On Mon, Aug 24, 2015 at 7:00 PM, Nick Fisk <nick@xxxxxxxxxx> wrote:
>> -----Original Message-----
>> From: Ilya Dryomov [mailto:idryomov@xxxxxxxxx]
>> Sent: 24 August 2015 16:07
>> To: Nick Fisk <nick@xxxxxxxxxx>
>> Cc: Ceph Development <ceph-devel@xxxxxxxxxxxxxxx>
>> Subject: Re: Kernel RBD Readahead
>>
>> On Mon, Aug 24, 2015 at 5:43 PM, Ilya Dryomov <idryomov@xxxxxxxxx>
>> wrote:
>> > On Sun, Aug 23, 2015 at 10:23 PM, Nick Fisk <nick@xxxxxxxxxx> wrote:
>> >>> -----Original Message-----
>> >>> From: Ilya Dryomov [mailto:idryomov@xxxxxxxxx]
>> >>> Sent: 23 August 2015 18:33
>> >>> To: Nick Fisk <nick@xxxxxxxxxx>
>> >>> Cc: Ceph Development <ceph-devel@xxxxxxxxxxxxxxx>
>> >>> Subject: Re: Kernel RBD Readahead
>> >>>
>> >>> On Sat, Aug 22, 2015 at 11:45 PM, Nick Fisk <nick@xxxxxxxxxx> wrote:
>> >>> > Hi Ilya,
>> >>> >
>> >>> > I was wondering if I could just get your thoughts on a matter I
>> >>> > have run into?
>> >>> >
>> >>> > Its surrounding read performance of the RBD kernel client and
>> >>> > blk-mq, mainly when doing large single threaded reads. During
>> >>> > testing performance seems to be limited to around 40MB/s, which is
>> >>> > probably fairly similar to what you would expect to get from a
>> >>> > single OSD. This is to be expected as an RBD is just a long chain
>> >>> > of objects each on a different OSD which is being read through in order
>> one at a time.
>> >>> >
>> >>> > In theory readahead should make up for this by making the RBD
>> >>> > client read from several OSD’s ahead of the current required
>> >>> > block. However from what I can see it seems that setting a
>> >>> > readahead value higher than max_sectors_kb doesn’t appear to have
>> >>> > any effect, meaning that readahead is limited to each object that is
>> currently being read.
>> >>> > Would you be able to confirm if this is correct and if this is by design?
>> >>>
>> >>> [CCing ceph-devel]
>> >>>
>> >>> Certainly not by design.  rbd is just a block device driver, so if
>> >>> the kernel submits a readahead read, it will obey and carry it out in full.
>> >>> The readahead is driven by the VM in pages, it doesn't care about
>> >>> rbd object boundaries and such.
>> >>>
>> >>> That said, one problem is in the VM subsystem, where readaheads get
>> >>> capped at 512 pages (= 2M).  If you do a simple single threaded read
>> >>> test, you'll see 4096 sector (= 2M) I/Os instead of object size I/Os:
>> >>>
>> >>>     $ rbd info foo | grep order
>> >>>             order 24 (16384 kB objects)

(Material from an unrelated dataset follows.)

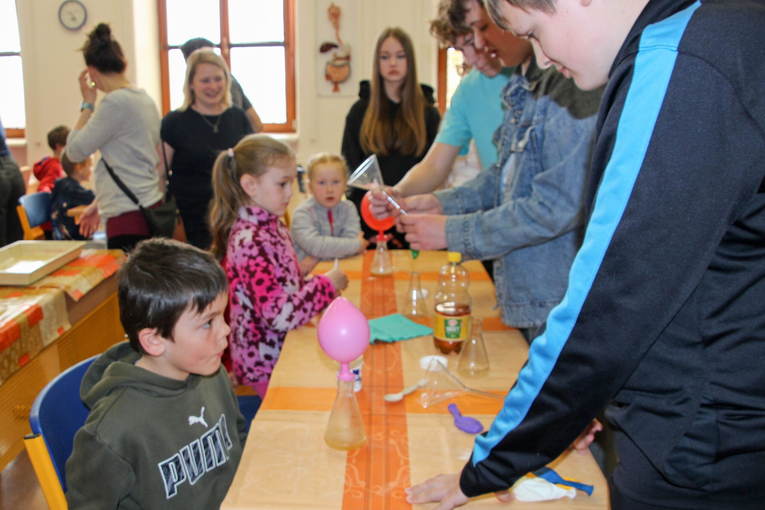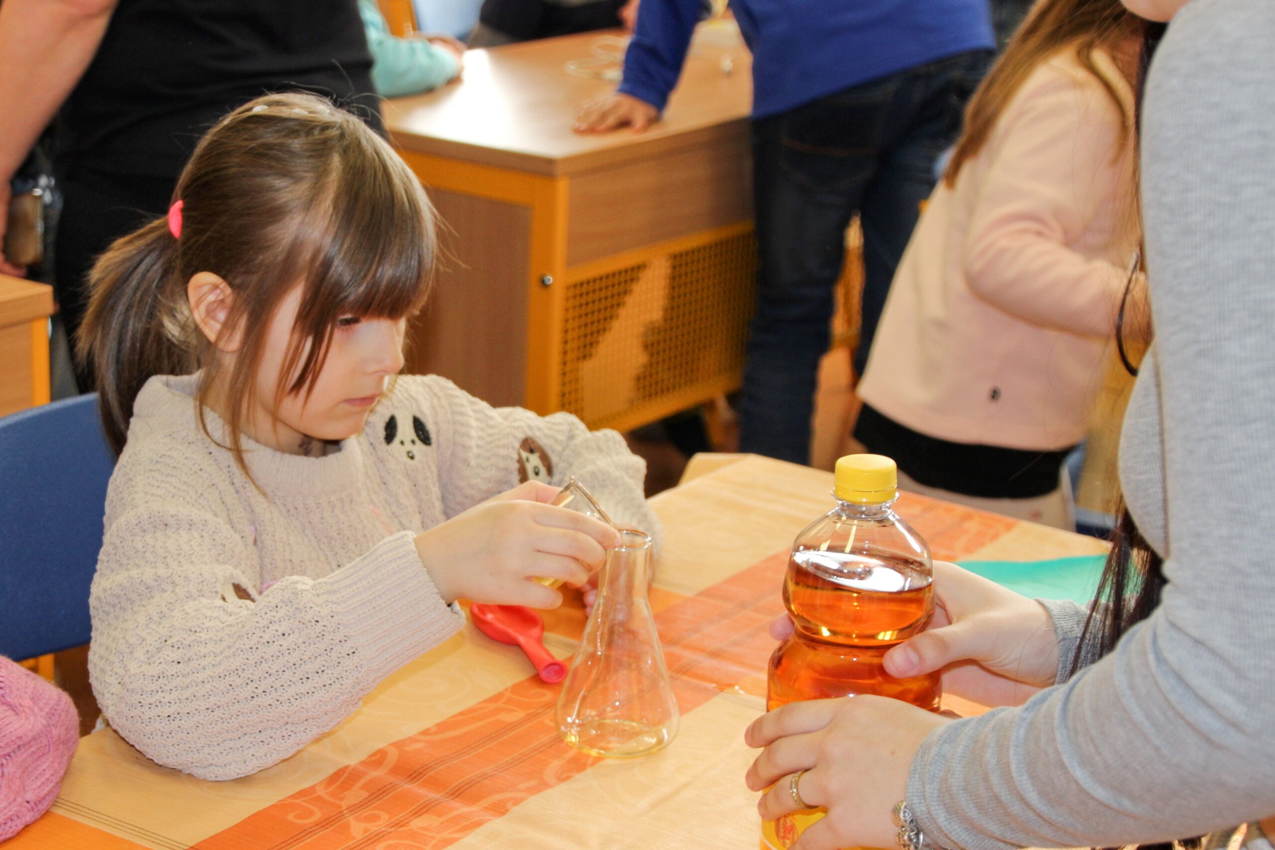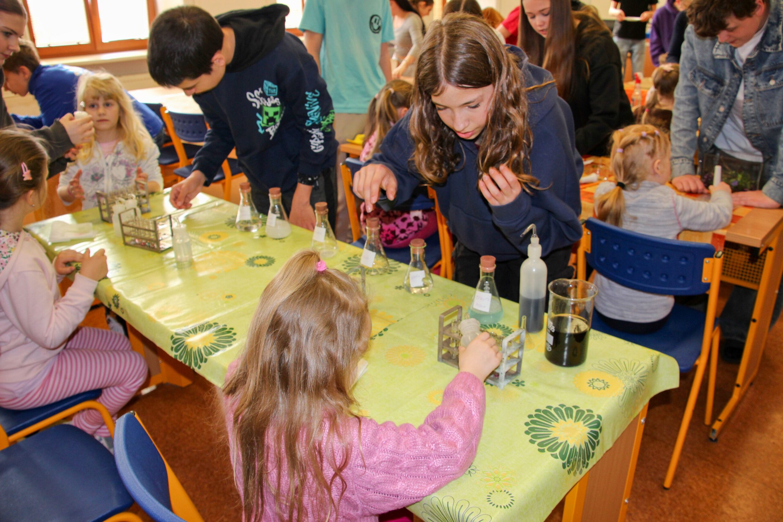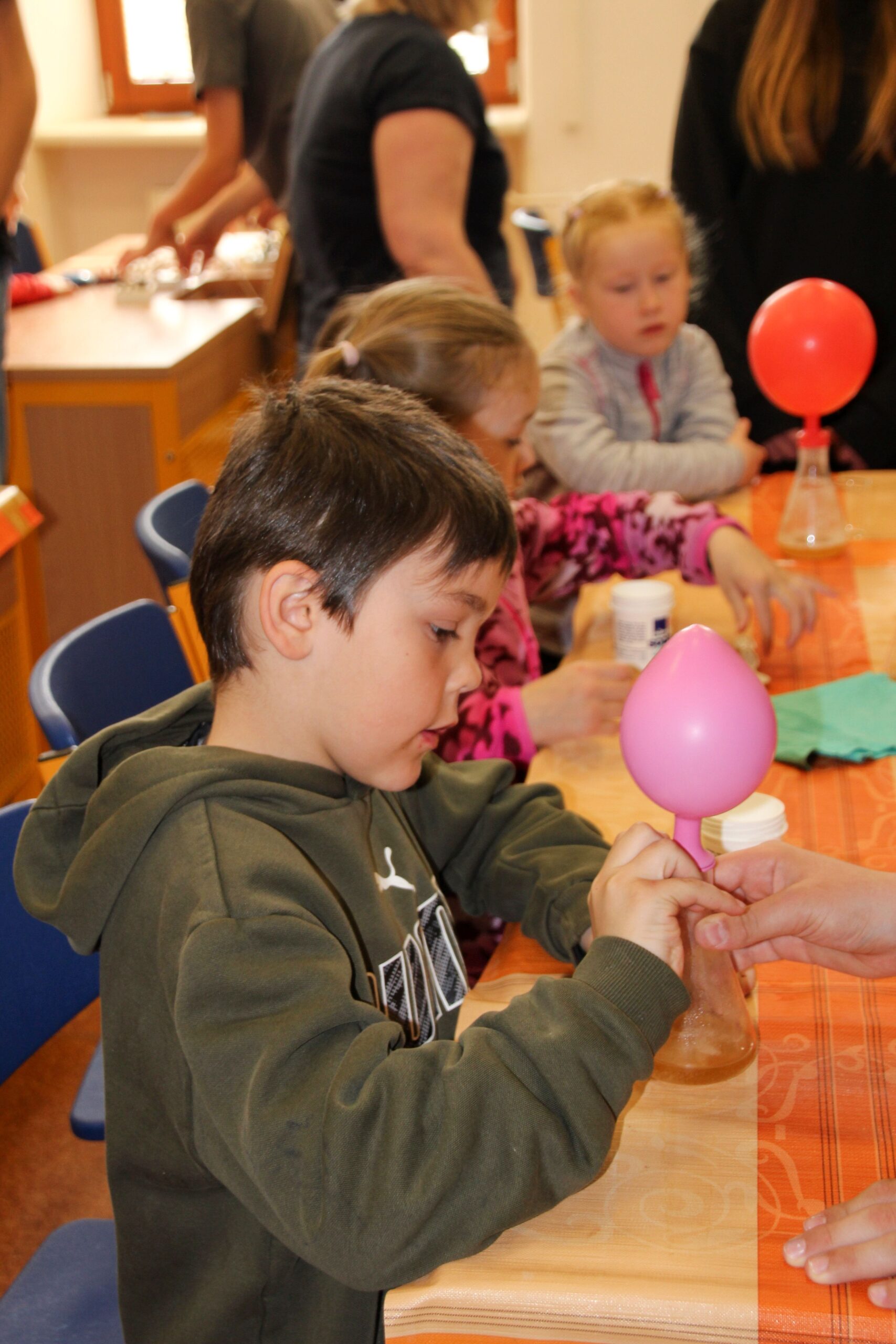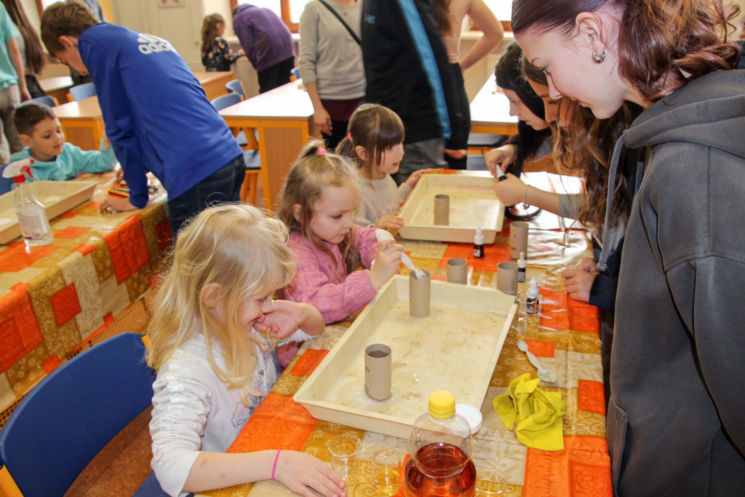 V úterý 14.4. 2026 jsme s žáky 8. třídy přivítali děti z oddělení Berušek Kelečské MŠ. Připravili jsme si pro ně mnoho pokusů, které mohly děti samy provádět. Letos si poprvé každý žáček školky vybral svého velkého kamaráda a ten ho provedl všemi pokusy. Asi to byla dobrá volba, protože každý věděl, jak a co dělat. Pokusy, které si mohli naši malí kamarádi vyzkoušet, musely být voleny tak, aby byly zcela bezpečné, takže jsme pracovali pouze s materiály, které lze najít v kuchyni (soda, ocet, kyselina citronová, mýdlo, červené zelí…). Děti nafukovaly balónky pomocí octu a sody, barvily roztok červeného zelí pomocí mýdla, octu nebo sody, sestavovaly elektrický obvod s žárovkou a zvonkem, měnily barvu kytiček sodou a kyselinou citronovou, pomocí železných pilin zobrazovali indukční čáry magnetu, kreslily barvami v mléce a podobně. Myslím si, že se u nás dětem líbilo, a rádi budeme v této spolupráci s MŠ pokračovat.

>> >>>     $ blockdev --getra /dev/rbd0
>> >>>     32768
>> >>>     $ dd if=/dev/rbd0 of=/dev/null bs=32M
>> >>>     # avgrq-sz is 4096.00
>> >>>
>> >>> This was introduced in commit 6d2be915e589 ("mm/readahead.c: fix
>> >>> readahead failure for memoryless NUMA nodes and limit readahead
>> >>> pages") [1], which went into 3.15.  The hard limit was Linus' suggestion,
>> apparently.
>> >>>
>> >>> #define MAX_READAHEAD   ((512*4096)/PAGE_CACHE_SIZE)
>> >>> /*
>> >>>  * Given a desired number of PAGE_CACHE_SIZE readahead pages,
>> return
>> >>> a
>> >>>  * sensible upper limit.
>> >>>  */
>> >>> unsigned long max_sane_readahead(unsigned long nr) {
>> >>>         return min(nr, MAX_READAHEAD); }
>> >>>
>> >>> This limit used to be dynamic and depended on the number of free
>> >>> pages in the system.  There has been an attempt to bring that
>> >>> behaviour back [2], but it didn't go very far as far as getting into
>> >>> mainline.  It looks like Red Hat and Oracle are shipping [2] in some
>> >>> of their kernels though.  If you apply it, you'll see 32768 sector (= 16M)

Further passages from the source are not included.